Search code examples
pythonsocketsmessage-queuezeromqpyzmq

What happens when Python ZMQ PULL socket is receiving messages at a different speed than the PUSH socket?


Lets say that the PUSH socket is sending messages every 1 second, and the PULL socket is receiving messages every 10 seconds.

So, in 100 seconds, the PUSH socket has sent 100 messages, while the PULL socket has only received 10.

Now, what happens if the PUSH socket dies, and the PULL socket keeps running? Will it still receive messages?

Also, is there a limit to the messages that the PUSH socket with hold with nobody receiving it?


Solution

  • You'll find it all in the documentation, but I think the answers are as follows:

    To understand what will happen when the PUSH socket dies, it helps to understand a bit about how ZMQ works. When you write a message to the PUSH socket, you're actually asking a ZMQ management thread to buffer and transfer that message. That talks (using the ZMTP protocol) to the ZMQ management thread in the client which buffers it. The client's management thread will then inform the client application that a message has been received. The client ZMQ management thread keeps the message in its buffer until the application has read the message.

    The size of the buffers are not infinite. For a constant stream of messages, at some point the client management thread's message buffer can fill up, meaning that it refuses to take messages from the sender, meaning that the sender's management thread's buffers start to fill up. Eventually, it will refuse to take messages from the sending application, and a zmq_send() blocks.

    You can alter the size of these buffers by setting high water marks on sockets, but by default they grow on demand (I think). That means that messages can be accumulated until memory is exhausted, but regardless if all the buffers are full the PUSH socket write blocks.

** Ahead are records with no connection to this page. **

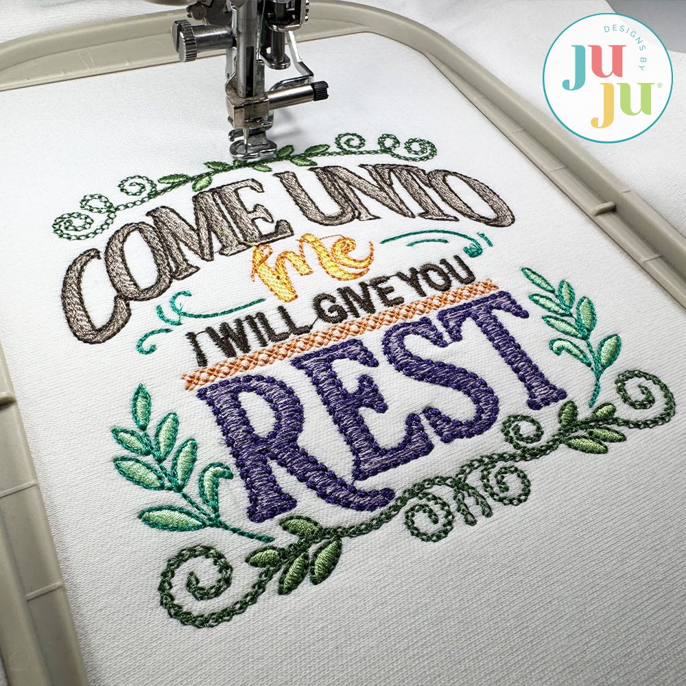 "Come unto me. I will give you rest." This beautiful, biblical word art design is a lovely choice for stitching thoughtful gifts, spiritual keepsakes, or peaceful accents for your space.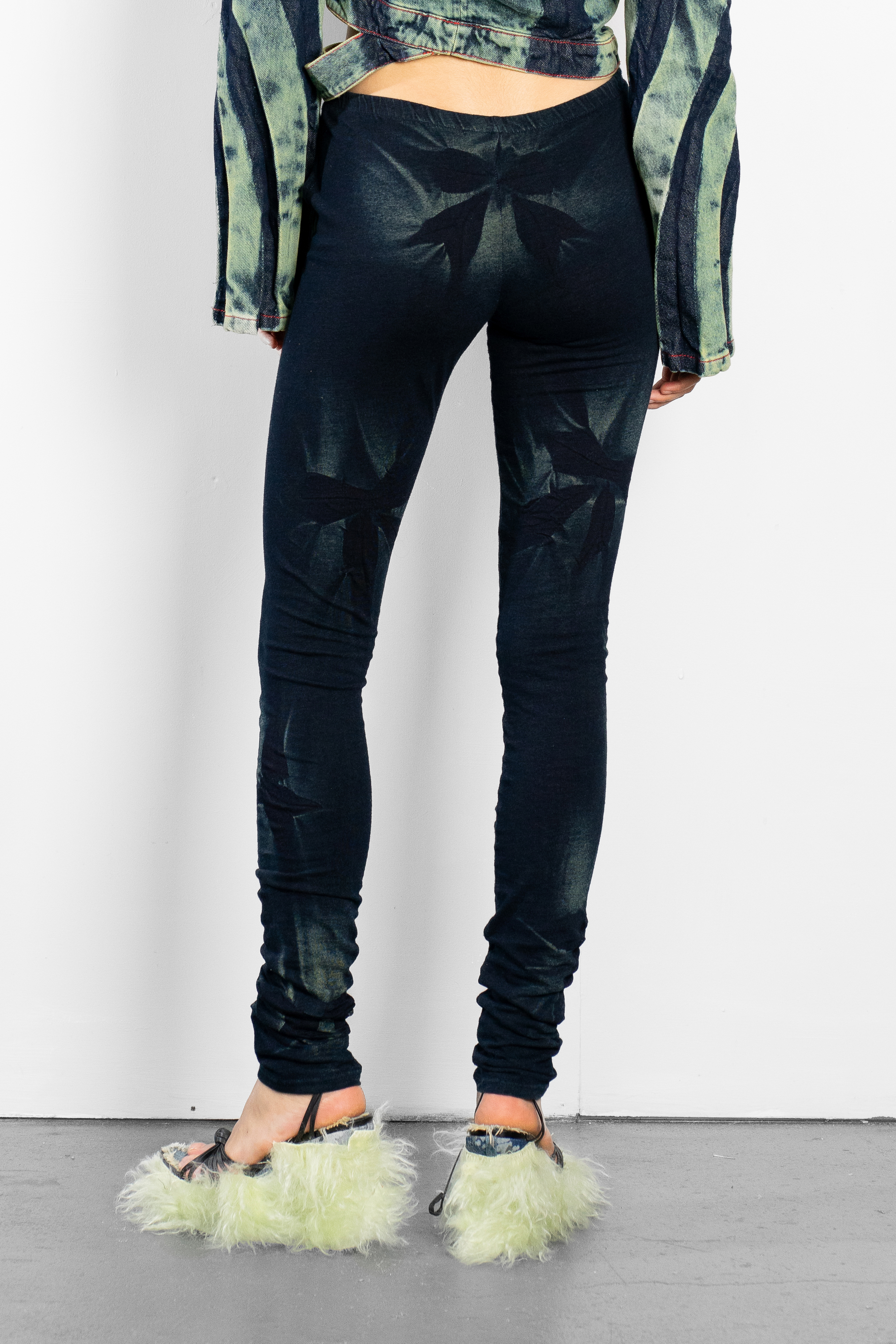 Stretch jersey leggings. Twisted front detail and bow pattern.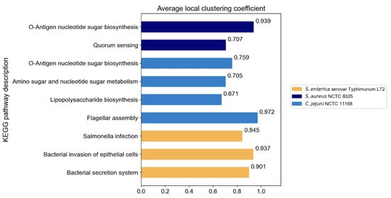 The average local clustering coefficient of virulence proteins in KEGG pathways.
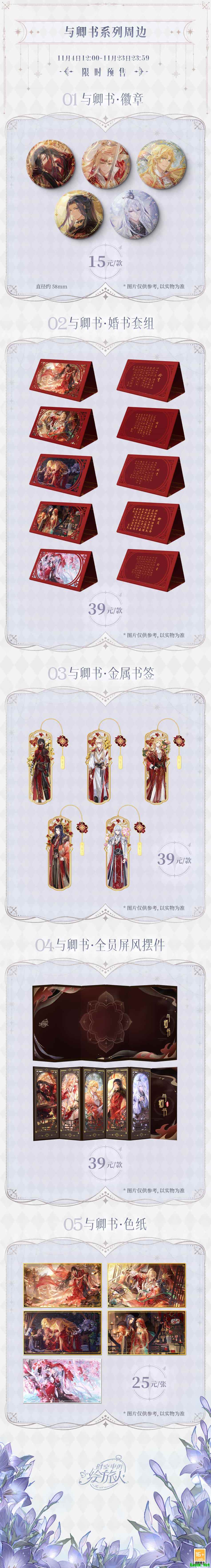 本次预售周边包括 「与卿书」系列徽章、色纸、金属书签、屏风摆件、婚书组合;「诸界归一」系列链条徽章、色纸、流沙摆件、透卡、明信片、收藏卡、拍立得、冰箱贴;「周年盛典」系列:蛋糕组合立牌。

    So, as long as the management threads are cooperating to keep the client end buffer containing at least something, messages are flowing at the peak rate of the combined applications (1 every 10 seconds in your example). The issue is what do these threads decide to do if the client application isn't reading at the rate the sending application is writing?

    I believe that the policy changed between ZMQ version 3 and 4. I think that in v3, they were biased to accumulate messages in the sending end. But in v4 I think they switched, and messages would be accumulated in the client end buffers.

    This means that, so long as the management thread buffers haven't filled up, for version 4 if the PUSH end dies then all of the messages sent but not yet read have been transferred across the network and are waiting in the PULL end's management thread buffers, and can be read. Whereas in version 3, there'd be more messages kept in the PUSH end management thread buffers, and they've not been sent when the PUSH end dies.

    I may have got that version 3, 4 thing the wrong way round.